*EXERCISE DIRECTIONS*. Beginning with the line that has "Hochwang is a ski" and ending with the line that has "Über die Mediendatei", retype the entries below exactly, except for the pictures.

Data entries
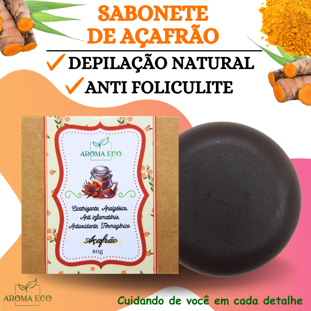 Comprar na ShopeeSabonete de Açafrão Depilação natural Anti Foliculite Clareador 90g - Skin Care
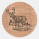 Rustic Burlap And Deer Illustration Classic Round Sticker
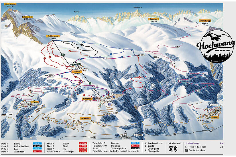Hochwang is a ski resort located in the Arosa Holiday Region of Switzerland, offering 20 km of slopes at 1,542 meters above sea level. It's described as a natural and unassuming resort, ideal for those seeking a more relaxed skiing experience. The resort is surrounded by stunning mountain scenery and offers limitless winter sports opportunities. With a 4.2-star rating on Bergfex and 4.6-star rating on Google, Hochwang is a hidden gem for those looking for a peaceful skiing experience.
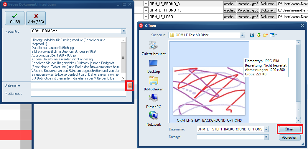 Über die Mediendatei können die Bilder im ORM LF geändert werden.
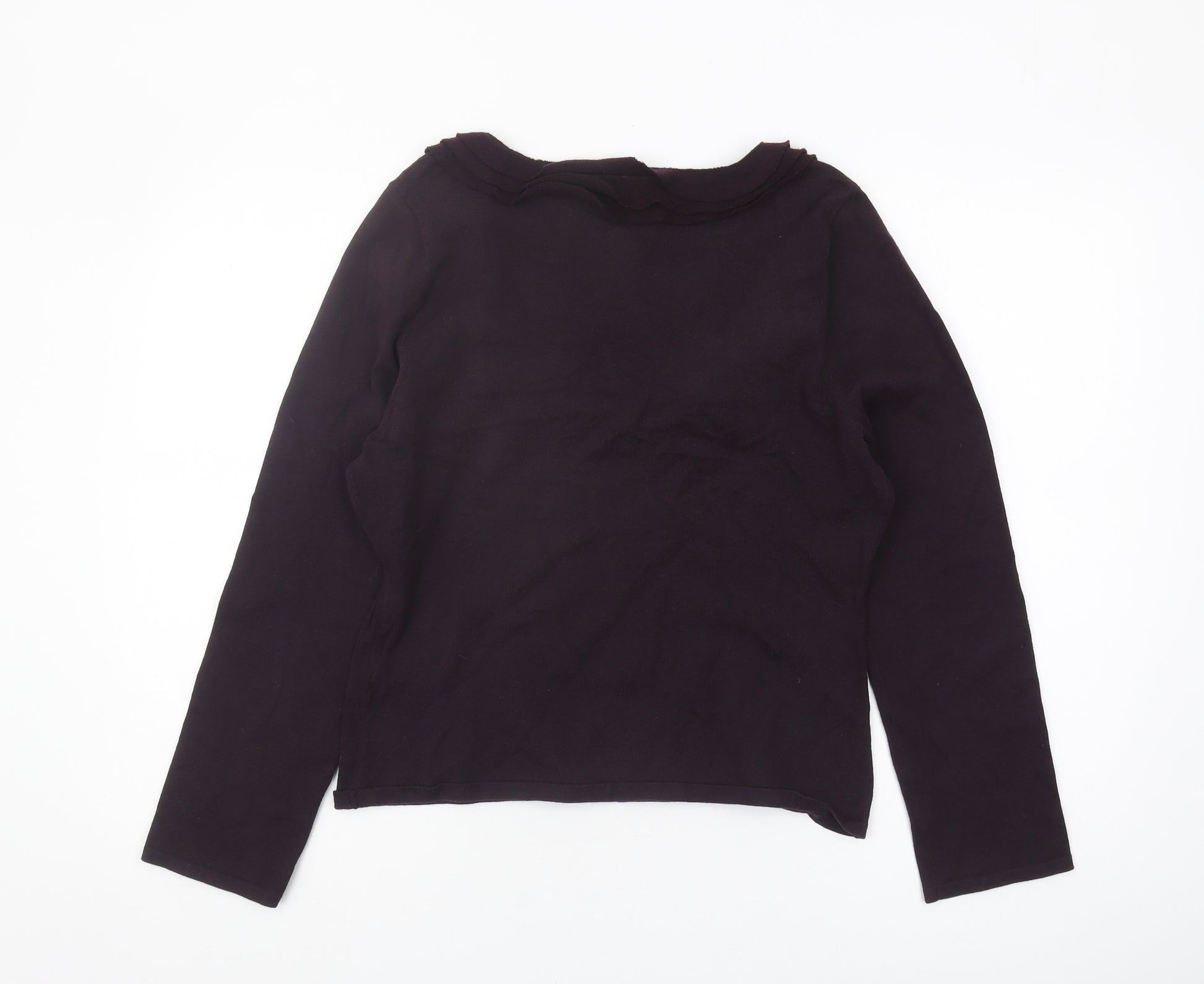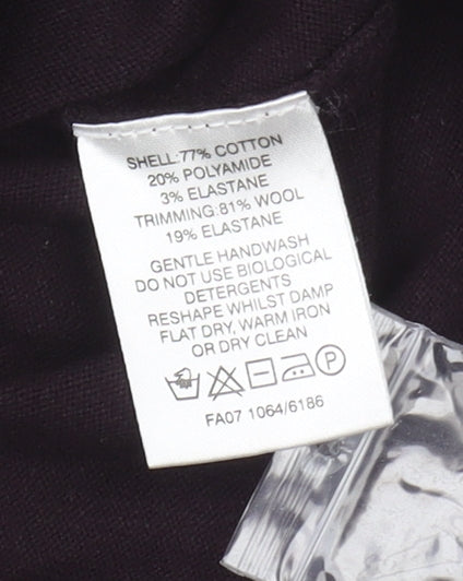 Enhance your wardrobe with this charming Fenn Wright Manson women’s pullover jumper in a striking purple hue. Perfectly suited for everyday casual outings or a cosy evening, this stylish piece is characterised by its elegant scoop neckline and snug long sleeves, ensuring comfort while retaining a sleek sartorial appearance. Crafted from a high-quality blend of 77% cotton, 20% polyamide, and 3% elastane, the knit fabric offers a delightfully soft touch and a tight-knit finish to provide both warmth and breathability during all seasons.This jumper fits seamlessly with a range of fashion styles, offering a regular fit that flatters your figure without compromising on comfort. Ideal for the fashion-forward woman seeking versatile attire options, this piece is made even more desirable by its dependable craftsmanship.Despite being pre-loved, this pullover is in excellent condition with no noticeable signs of wear, making it an attractive addition to your ensemble. The recommended hand wash care ensures longevity, maintaining this wardrobe staple’s quality and allure.Its minimalistic design and lack of pattern provide ample opportunity for layering over colourful shirts or statement necklaces, allowing for both subtlety and flair. Grab this jumper today to add a touch of refinement and endless styling possibilities to your collection.

*ANSWER TO THIS EXERCISE*.
Hochwang is a ski resort located in the Arosa Holiday Region of Switzerland, offering 20 km of slopes at 1,542 meters above sea level. It's described as a natural and unassuming resort, ideal for those seeking a more relaxed skiing experience. The resort is surrounded by stunning mountain scenery and offers limitless winter sports opportunities. With a 4.2-star rating on Bergfex and 4.6-star rating on Google, Hochwang is a hidden gem for those looking for a peaceful skiing experience.
 Über die Mediendatei können die Bilder im ORM LF geändert werden.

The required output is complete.